All of the containers we want are in `<div class="info" ...> </div>` containers. Each episode has one, so we will take those.

In [67]:
episode_containers = html_soup.find_all('div', class_='info')

`find_all()` returned a `ResultSet` object which is a list containing all the episode (25 for season 1) divs we are interested in.

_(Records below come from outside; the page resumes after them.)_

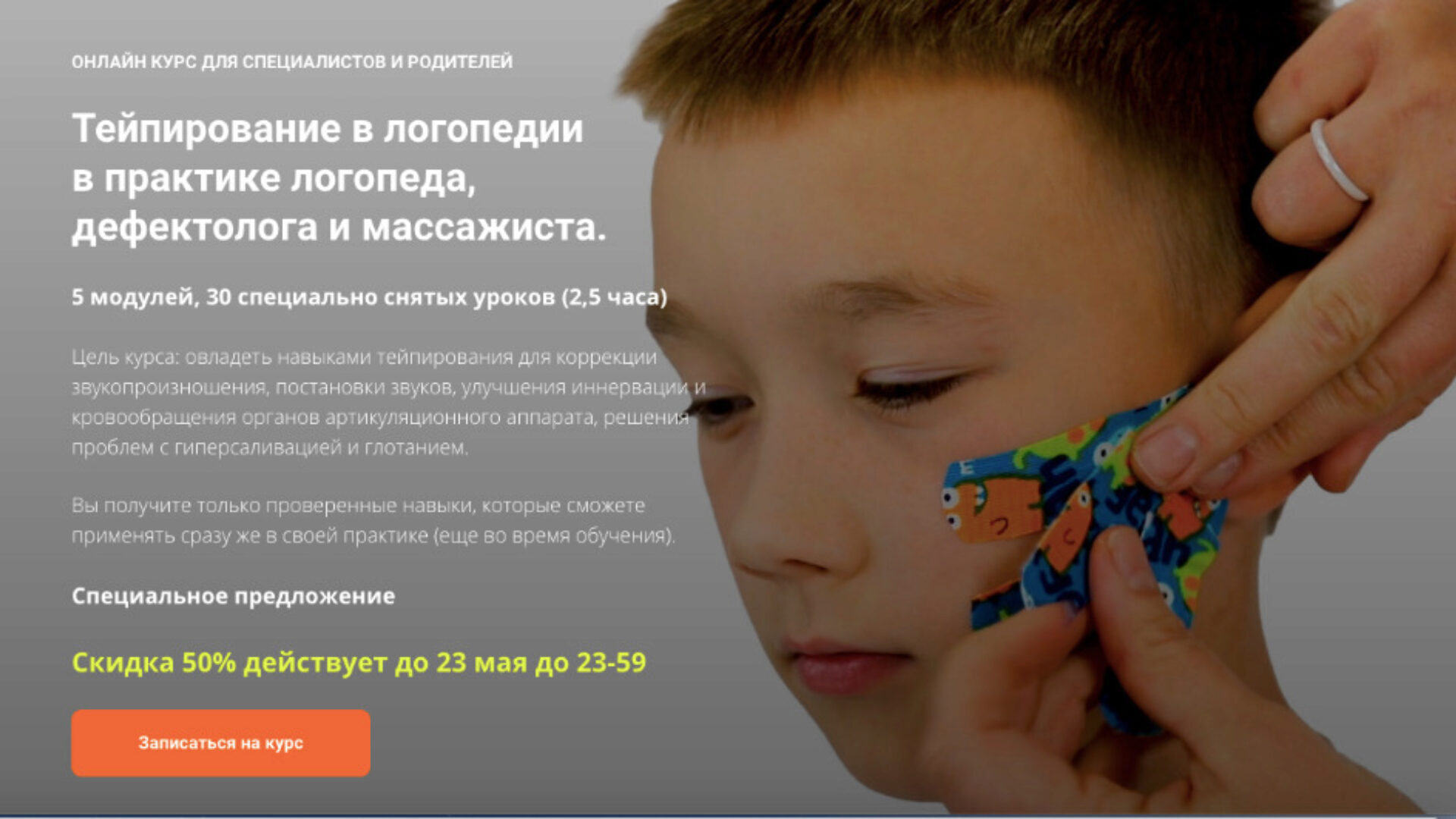 Цель курса: овладеть навыками тейпирования для коррекции звукопроизношения, постановки звуков, улучшения иннервации и кровообращения органов артикуляционного аппарата, решения проблем с гиперсаливацией и глотанием.
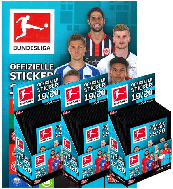Caderneta vazia + 3 caixas (=540 cromos) para a coleção de cromos Topps Bundesliga 2019/2020.
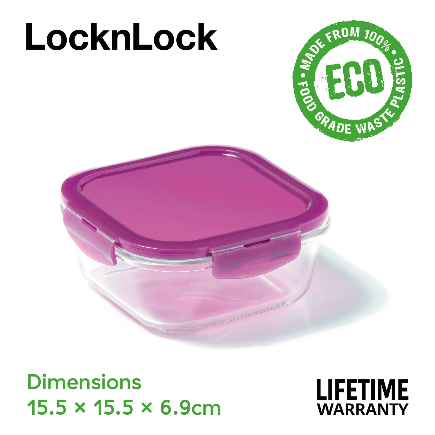 RECYCLED LIDS - Eco Ovenglass products are all topped with LocknLock's iconic Eco lids made from left over production plastic to ensure nothing is wasted. Lid colours may vary as no two pieces are the same
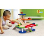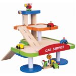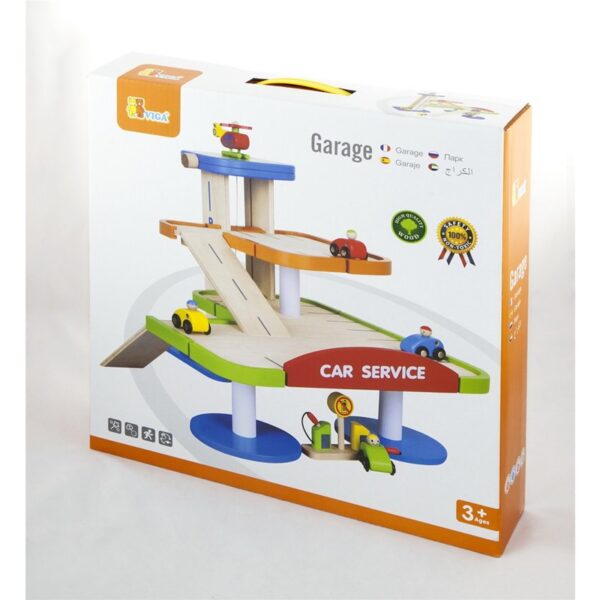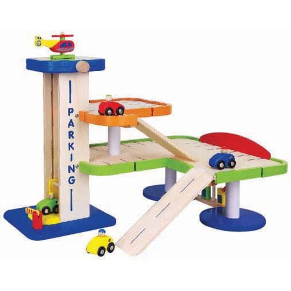 Gražus erdvus, linksmų spalvų žaislinis garažas su sraigtasparnio platforma, degaline ir liftu. Apima keturis automobilius ir malūnsparnį. Žaidimas su šiuo žaisliniu automobilių garažu skatina vaikų smulkiąją motoriką, spalvų atpažinimą ir kūrybiškumą.

Now, the variables we will be getting are:
- Episode title
- Episode number
- Airdate
- IMDb rating 
- Total votes
- Episode description

In [None]:
Read [this part](https://www.dataquest.io/blog/web-scraping-beautifulsoup/#thenameofthemovie) of the dataquest article to understand how calling the <a> tags works.

### Episode title

In [4]:
episode_containers[0].a['title']

'Pilot'

### Episode number

In [5]:
episode_containers[0].meta['content']

'1'

### Airdate

In [6]:
episode_containers[0].find('div', class_='airdate').text.strip()

'17 Sep. 2009'

### IMDb rating & total votes

In [7]:
episode_containers[0].find('div', class_='ipl-rating-star').text.split()

['7.8', '(3,178)']

### Episode description

In [8]:
episode_containers[0].find('div', class_='item_description').text.strip()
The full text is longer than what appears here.